[RECORDS FOR THIS EXERCISE — start]
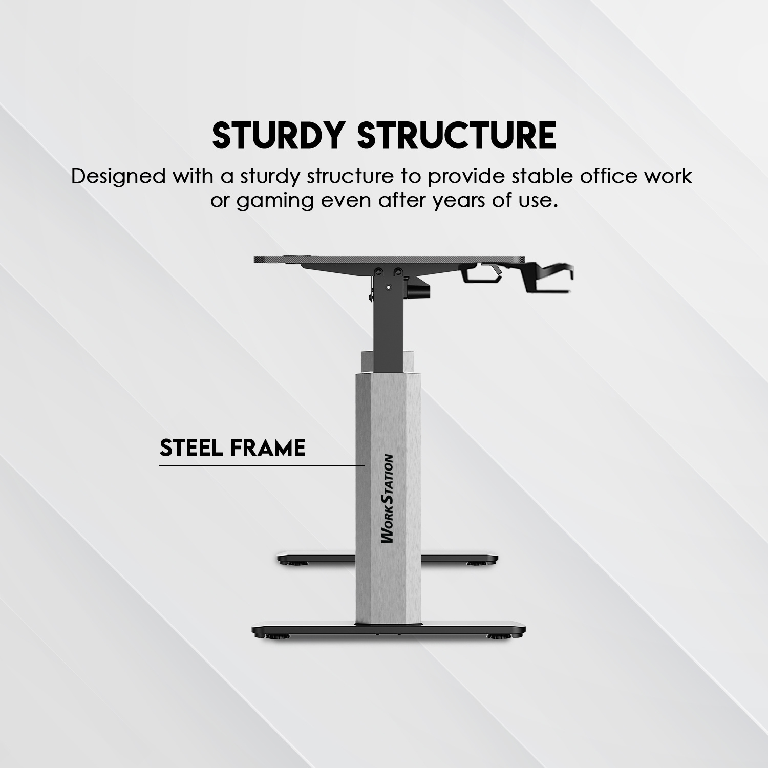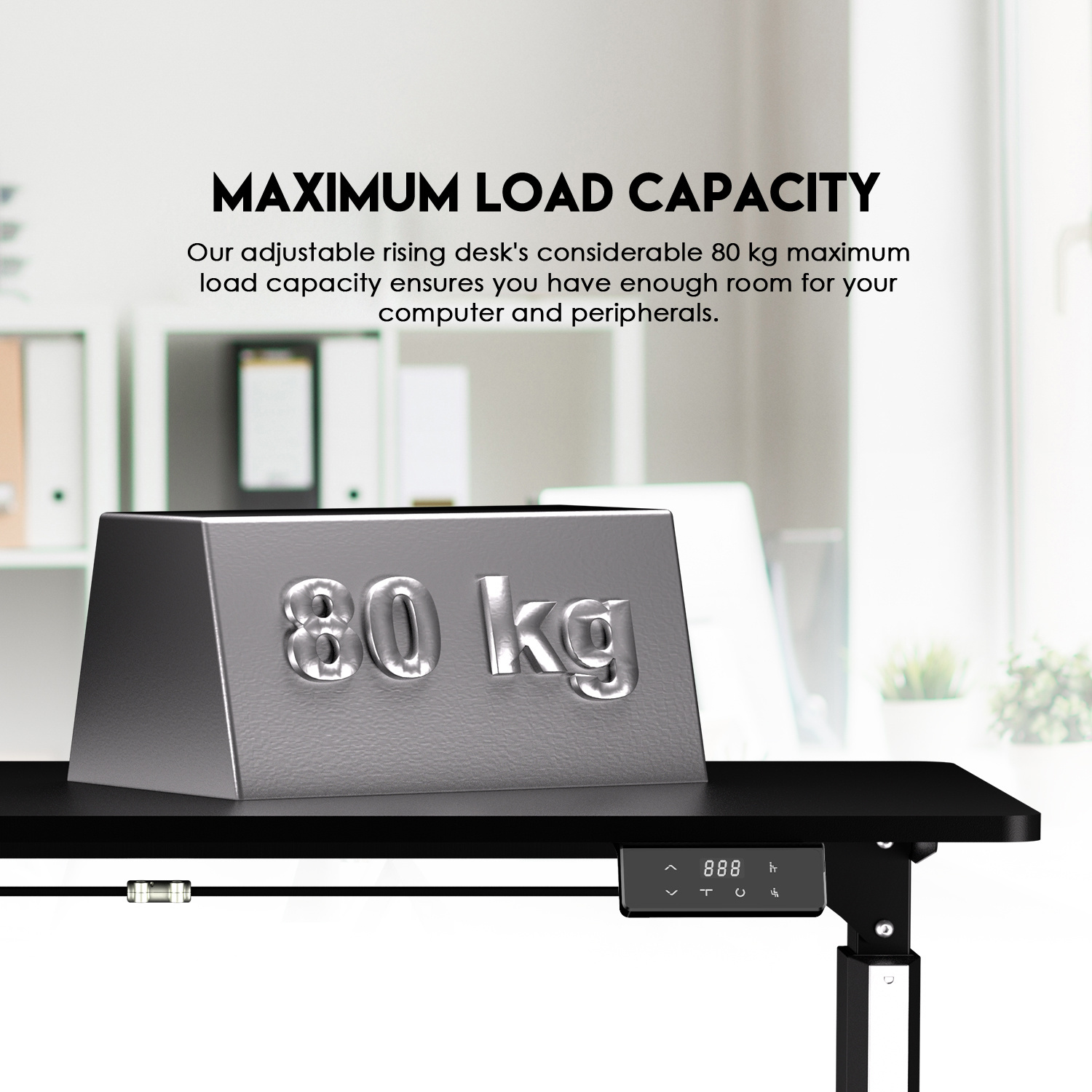 Su amplia superficie de 140 × 70 cm ofrece espacio suficiente para múltiples monitores, periféricos y accesorios, mientras que su estructura sólida soporta hasta 80 kg de carga, asegurando estabilidad total incluso en configuraciones exigentes
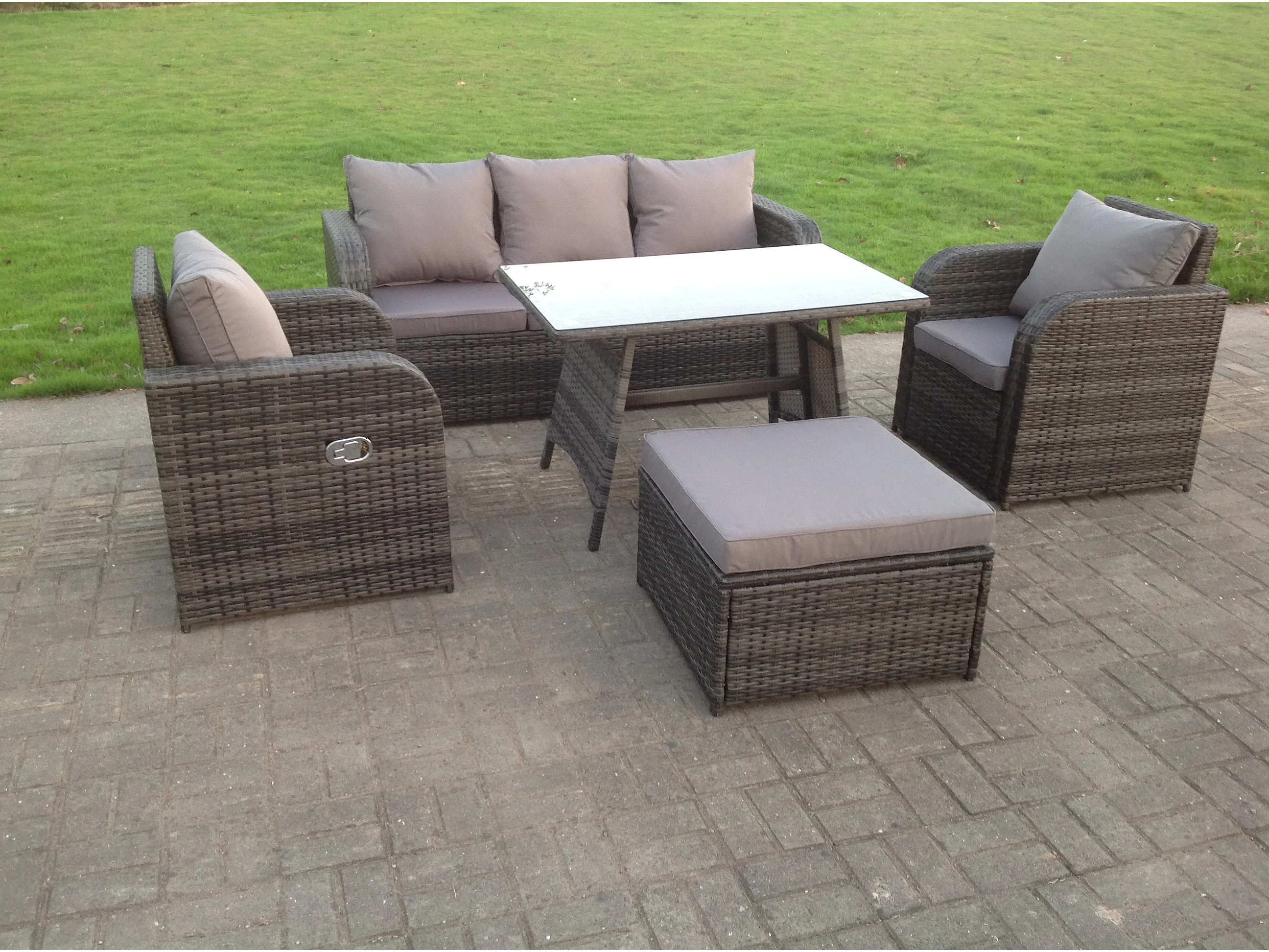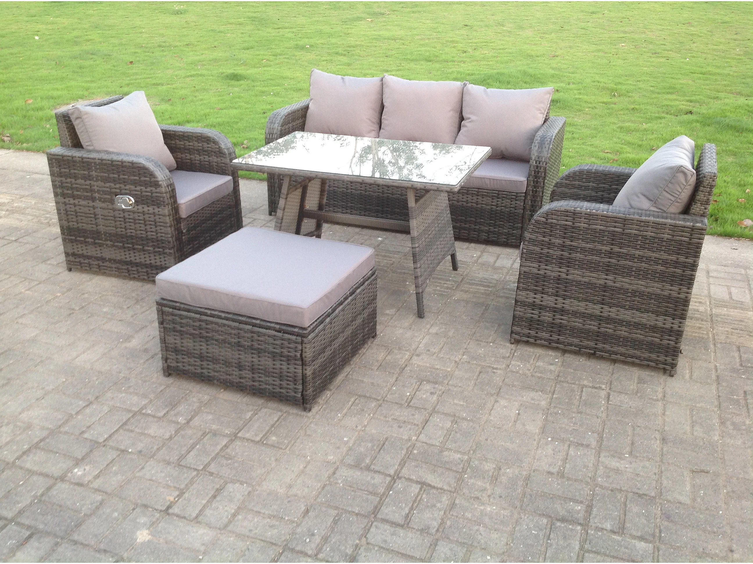 Salon de jardin Fauteuil Canapé Lounge Canapé 3 places Table à manger oblongue rectangulaire Tabouret
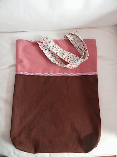 A másikat saját használatra, aminek viszont rövidebbre vettem a fülét, mert én elég mély növésű vagyok, és a lépcsőn leért a szatyi. Nem lett elég rövid. Vagy én vagyok nagyon mély, vagy a lépcsők túl magasak? Szóval a méretemen már nem tudok változtatni, (mármint a mélységemen, mert sajnos a szélességemen igen) ezért azt hiszem a következőnek még rövidebb lesz a fülikéje. A színe nem jön vissza, mert nagyon szép barna-rózsaszín párosítás.
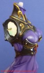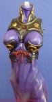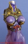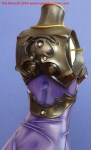 Procedendo nello stesso modo descritto nei commenti precedenti, ho completato anche la pittura dei vari elementi che compongo il busto del personaggio con una particolare attenzione per il cordoncino rosso sotto il seno che riprende lo stesso pendente dall’elsa della katana. Per quanto ho potuto capire da una breve ricerca su Internet, non si tratta di un semplice elemento decorativo, bensì di una caratteristica che definiva il rango e l’importanza del samurai che lo indossava. Come in precedenza, infine, ho incastonato, ove necessario, le perline in vetro aggiungendone una più grossa di colore rossiccio sulla corazza frontale all’altezza del petto.
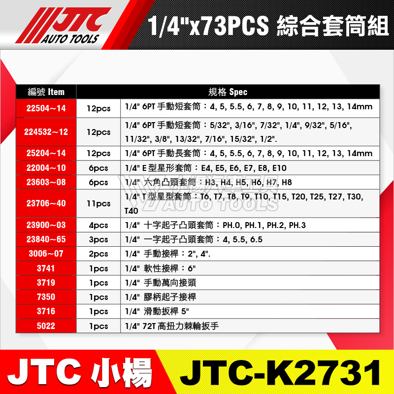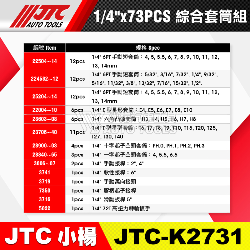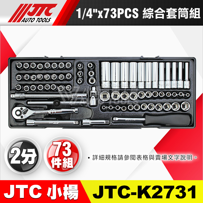 JTC-K2731 1/4"(2分) 73PCS 綜合套筒組(有蓋子)
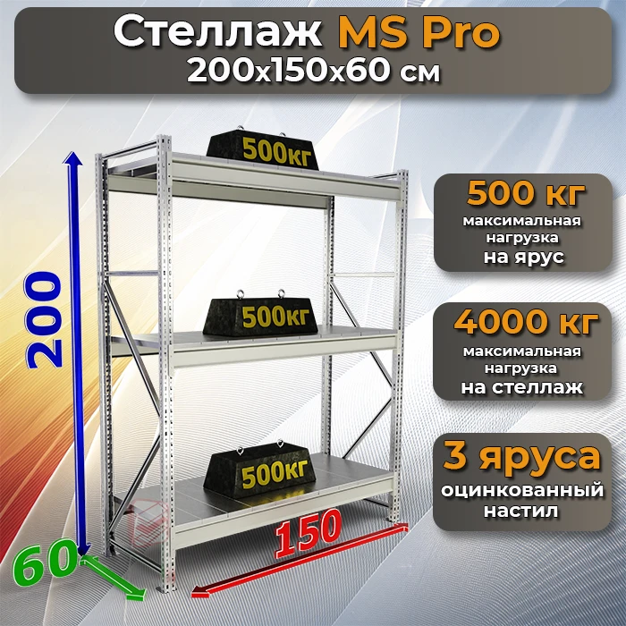 Стеллаж складской MS Pro 200х150х60 с 3 полками — оптимальное решение для хранения грузов на складах, производствах, в гаражах, торговых точках и кладовых.
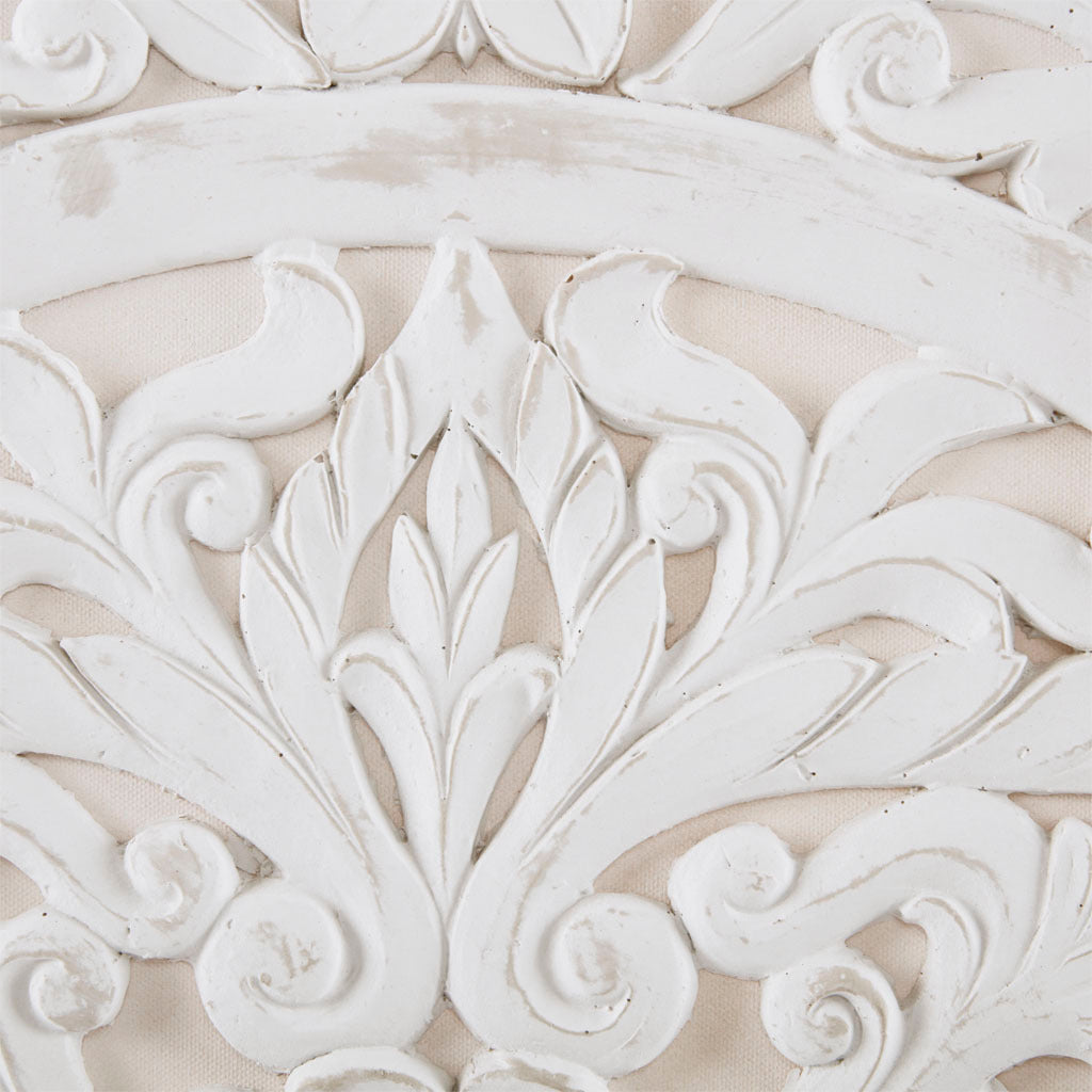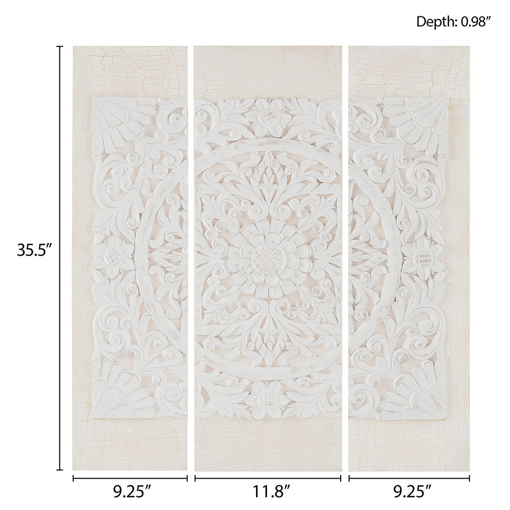 Hang our Madison Park Mandala Triptych 3-piece Dimensional Resin Canvas Wall Art Set on your wall to create a unique focal point in your space. An intricate carving design with the look and feel of wood is made from durable resin, then attached to the embellished canvas and set among each piece of this 3PC wall decor. The embellished canvas is featured in an off white washed tone and purposefully distressed, adding a rustic charm to the look. Globally inspired, this alternative wall decor adds a stunning texture and unique boho touch to any room in your home.
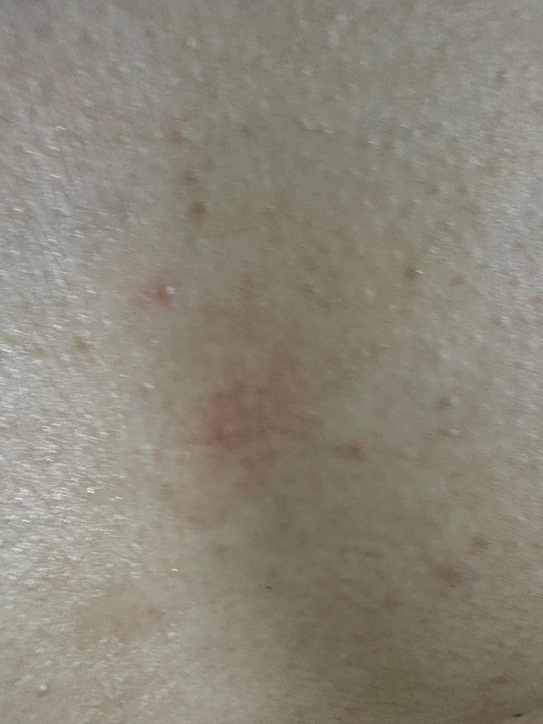 사진상으로는 경계가 뚜렷하지 않은 홍반 위에 작은 구진들이 산재해 있어 단순 여드름보다는 마찰·습기 관련 피부염 또는 초기 모낭염 가능성이 우선 보입니다. 특히 가슴 사이 부위는 땀, 피지, 마찰이 겹치는 부위라 다음 기전이 흔합니다.
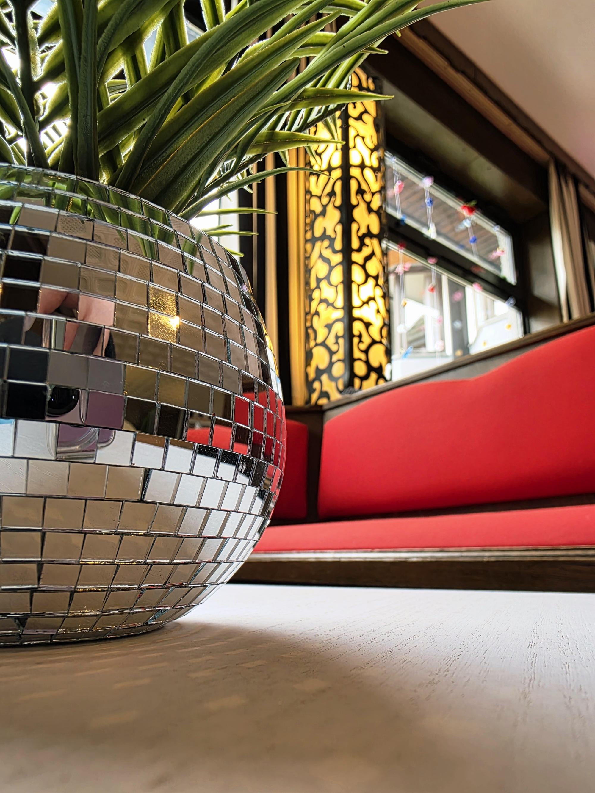 (Tanzfläche, JBL Partybox, Discobeleuchtung, Bühne, Stehtische)
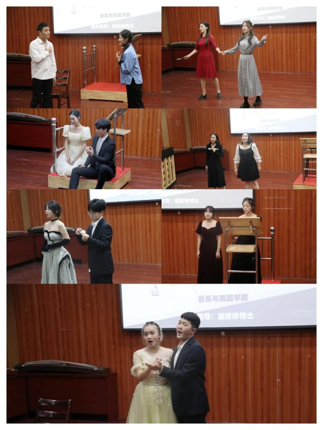 《重唱与表演唱》是声乐表演体系中的重要环节,是一门把歌唱与表演紧密结合,注重培养员工重唱技巧和舞台综合表演艺术的实践课程。本课程由BETVLCTOR伟德国际1946唐婷婷博士负责教学及排练指导,唐老师耐心负责,并充分结合人才培养方案和专业教学大纲,每周除了完成常规课程教学外,还定期安排课外2小时的舞台排练。在课程中教学环节中科学调整各声部的声音状态和歌唱技巧的同时,更加注重对作品的艺术处理,如对人物形象塑造、角色分析、表情和肢体语言的配合、舞台走位等方面做了细致的指导,深受同学们的喜爱。
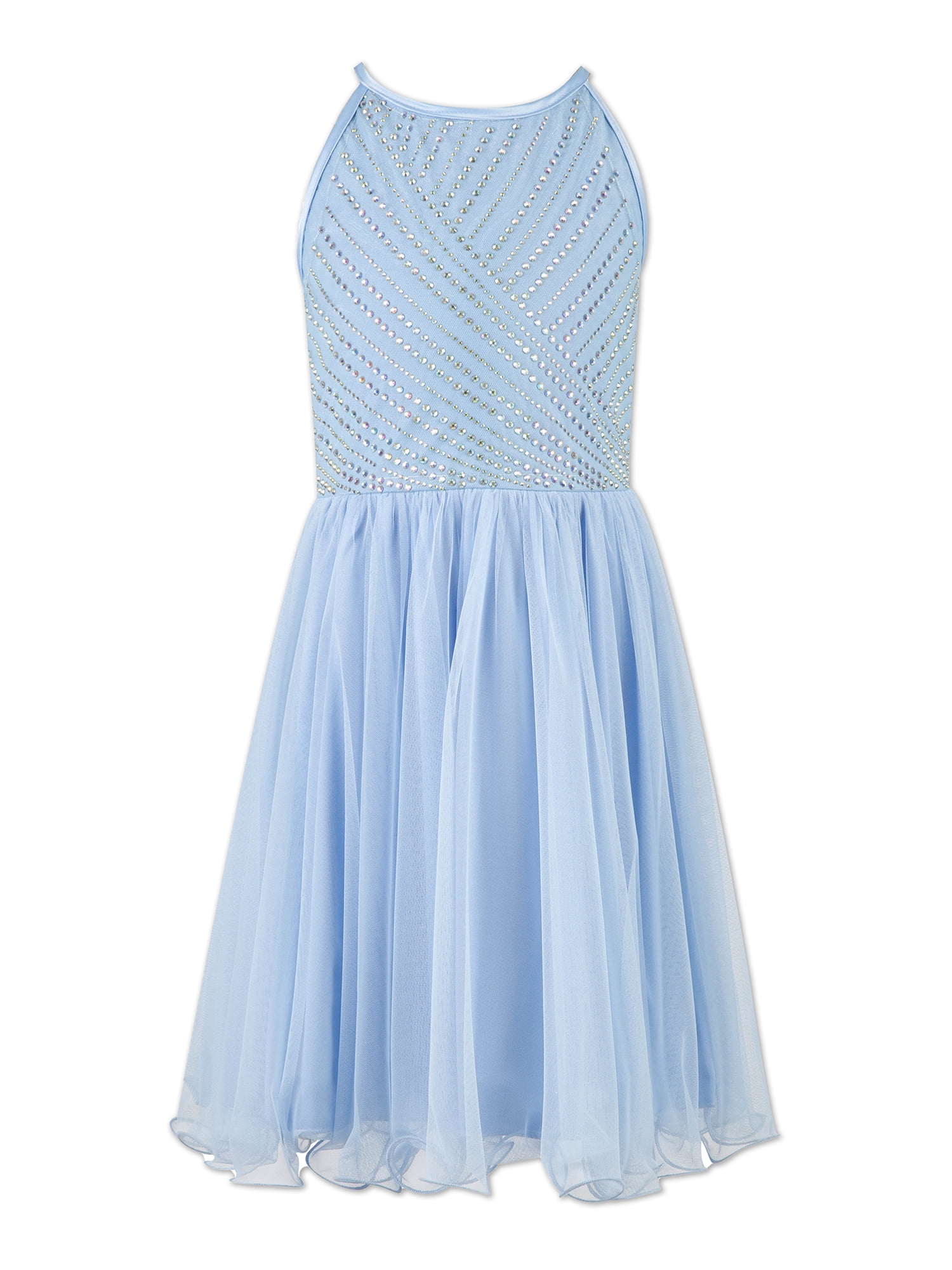This beautiful fit and flare party dress is a season must have. The bodice is sleeveless with a round neckline and is embellished with jewels. The skirt is tulle and knee length.
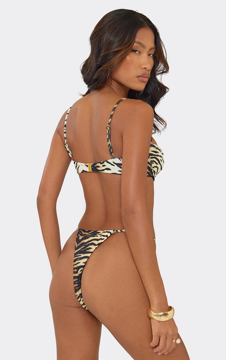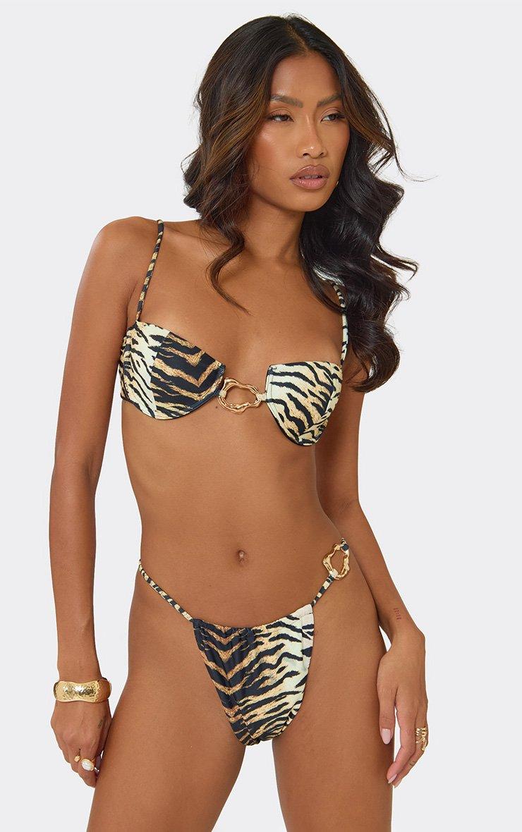 Strappy Hammered Abstract Trim Detail Underwired Bikini Set In Multi Tiger Print
[RECORDS FOR THIS EXERCISE — finish]
TASK REQUIREMENTS:
Give again, exactly as written above, each line from the one that has "A másikat saját" to the one that has "(Tanzfläche, JBL Partybox, Discobeleuchtung, Bühne, Stehtische)", both included; omit the pictures.

ANSWER SPACE:
 A másikat saját használatra, aminek viszont rövidebbre vettem a fülét, mert én elég mély növésű vagyok, és a lépcsőn leért a szatyi. Nem lett elég rövid. Vagy én vagyok nagyon mély, vagy a lépcsők túl magasak? Szóval a méretemen már nem tudok változtatni, (mármint a mélységemen, mert sajnos a szélességemen igen) ezért azt hiszem a következőnek még rövidebb lesz a fülikéje. A színe nem jön vissza, mert nagyon szép barna-rózsaszín párosítás.
 Procedendo nello stesso modo descritto nei commenti precedenti, ho completato anche la pittura dei vari elementi che compongo il busto del personaggio con una particolare attenzione per il cordoncino rosso sotto il seno che riprende lo stesso pendente dall’elsa della katana. Per quanto ho potuto capire da una breve ricerca su Internet, non si tratta di un semplice elemento decorativo, bensì di una caratteristica che definiva il rango e l’importanza del samurai che lo indossava. Come in precedenza, infine, ho incastonato, ove necessario, le perline in vetro aggiungendone una più grossa di colore rossiccio sulla corazza frontale all’altezza del petto.
 JTC-K2731 1/4"(2分) 73PCS 綜合套筒組(有蓋子)
 Стеллаж складской MS Pro 200х150х60 с 3 полками — оптимальное решение для хранения грузов на складах, производствах, в гаражах, торговых точках и кладовых.
 Hang our Madison Park Mandala Triptych 3-piece Dimensional Resin Canvas Wall Art Set on your wall to create a unique focal point in your space. An intricate carving design with the look and feel of wood is made from durable resin, then attached to the embellished canvas and set among each piece of this 3PC wall decor. The embellished canvas is featured in an off white washed tone and purposefully distressed, adding a rustic charm to the look. Globally inspired, this alternative wall decor adds a stunning texture and unique boho touch to any room in your home.
 사진상으로는 경계가 뚜렷하지 않은 홍반 위에 작은 구진들이 산재해 있어 단순 여드름보다는 마찰·습기 관련 피부염 또는 초기 모낭염 가능성이 우선 보입니다. 특히 가슴 사이 부위는 땀, 피지, 마찰이 겹치는 부위라 다음 기전이 흔합니다.
 (Tanzfläche, JBL Partybox, Discobeleuchtung, Bühne, Stehtische)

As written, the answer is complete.